By: Alaska Pacific University
Published: June 26, 2024
NASA is awarding approximately $5 million to Alaska Pacific University (APU) to help build the Microplastics Research and Education Center. This award was made possible through the Minority University Research and Education Project Institutional Research Opportunity (MIRO). The award enhances capabilities in the sciences and increases workforce diversity, supporting APU’s goal to serve Alaskan communities in its science programs and mission to provide culturally responsive educational programs in partnership with our students, communities, and tribal partners.
The Microplastics Research and Education Center at Alaska Pacific University will contribute to the research and education needs of Alaskan communities through the exploration and detection of microplastics in Alaskan waterways, with a particular focus on traditional drinking water sources, urban and rural watersheds, glaciers, coastal waterways, ocean column, and high-altitude depositions of microplastics.
Microplastics have been detected in almost every ecosystem globally and in subsistence foods and waterways in Alaska. However, scientists have yet to determine how much these contaminants are in the waterways in Alaska and how much they might impact human, animal, and ecosystem health. The Microplastics Research and Education Center at APU adopts a “One Health” approach to this endeavor, honoring Alaska Native Traditional Ways of Knowledge and braiding this important relationship and understanding of these lands with Western science methods.

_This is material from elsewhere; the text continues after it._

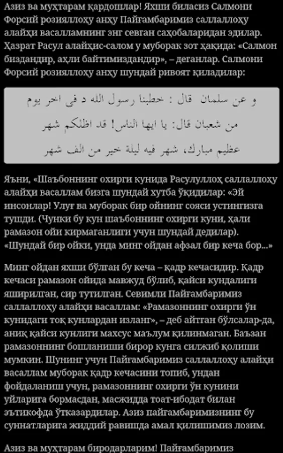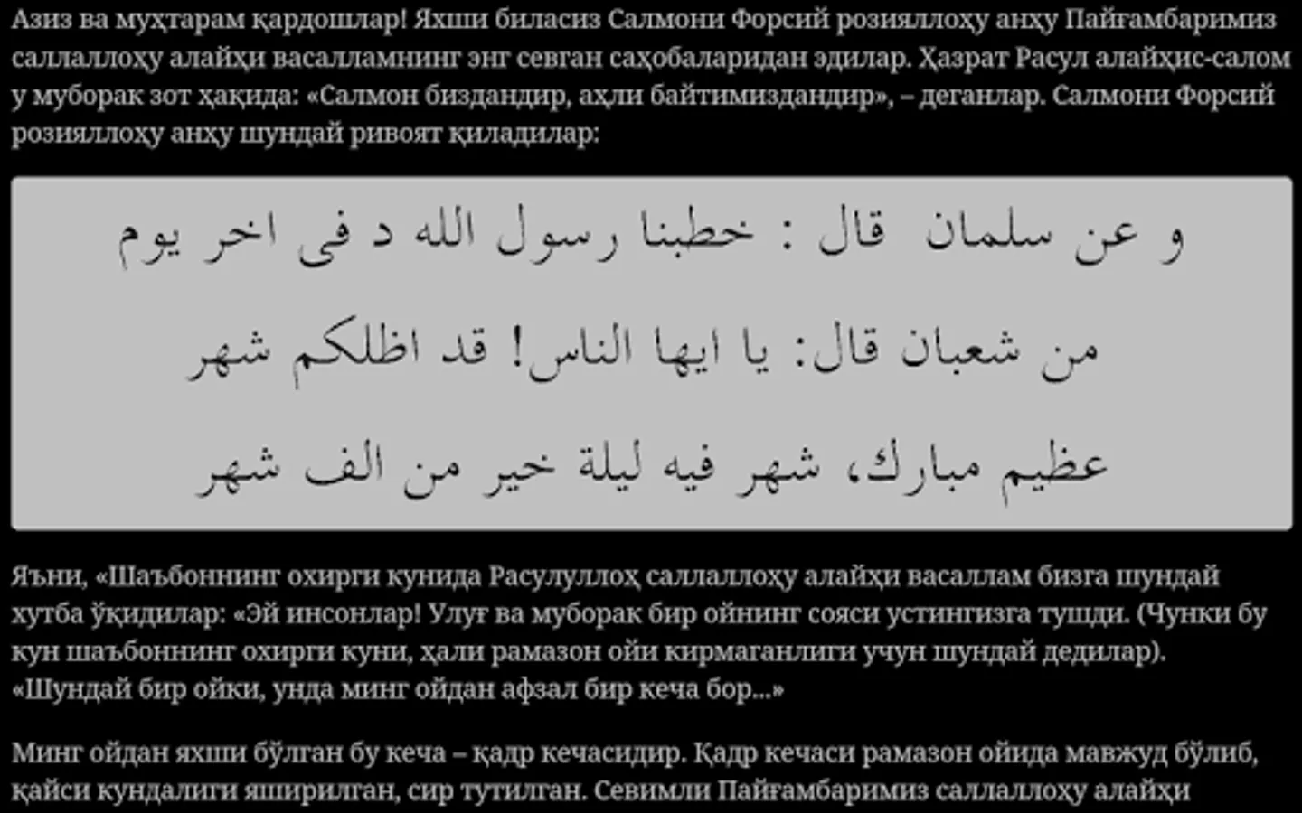 Шунингдек, асарда муборак уч ойлар ва муборак кечалар фазилати ҳақида маълумот ва тавсиялар берилган.

This program encourages APU students to bring their communities’ knowledge into the sciences, supporting a powerful collaboration with NASA scientists. Our goal is to provide aspiring environmental scientists opportunities to make discoveries that will enable them to continue to serve their communities and NASA environmental science missions. The Microplastics Research and Education Center at APU will offer opportunities for internships, tuition stipends, and funded research projects, including collaborations with NASA scientists and scientists across academic institutions in Alaska and the University of Michigan, to students in the Marine and Environmental Sciences program at APU.
In the first years of the project, the principal investigator, Dr. Dee Barker, with APU collaborators Nate Anderson and Dr. Jason Geck will collaborate with Dr. Denise Thorsen of the University of Alaska Fairbanks, Dr. Chris Ruff of the University of Michigan, and Shelly Moore of the Institute of Plastics Research in California, a California Water Board-accredited laboratory for microplastics detection. These collaborators will support the building of instrumental capacity of the Alaska and Arctic Waterways Analytics (AAWA) lab at APU to the level of expertise of microplastics-accredited labs in California. This collaboration will also build capacity at APU for remote sensing ocean surface anomalies associated with microplastics, using Dr. Ruf’s methods and NASA’s SWOT satellite system that flies over Earth’s polar regions.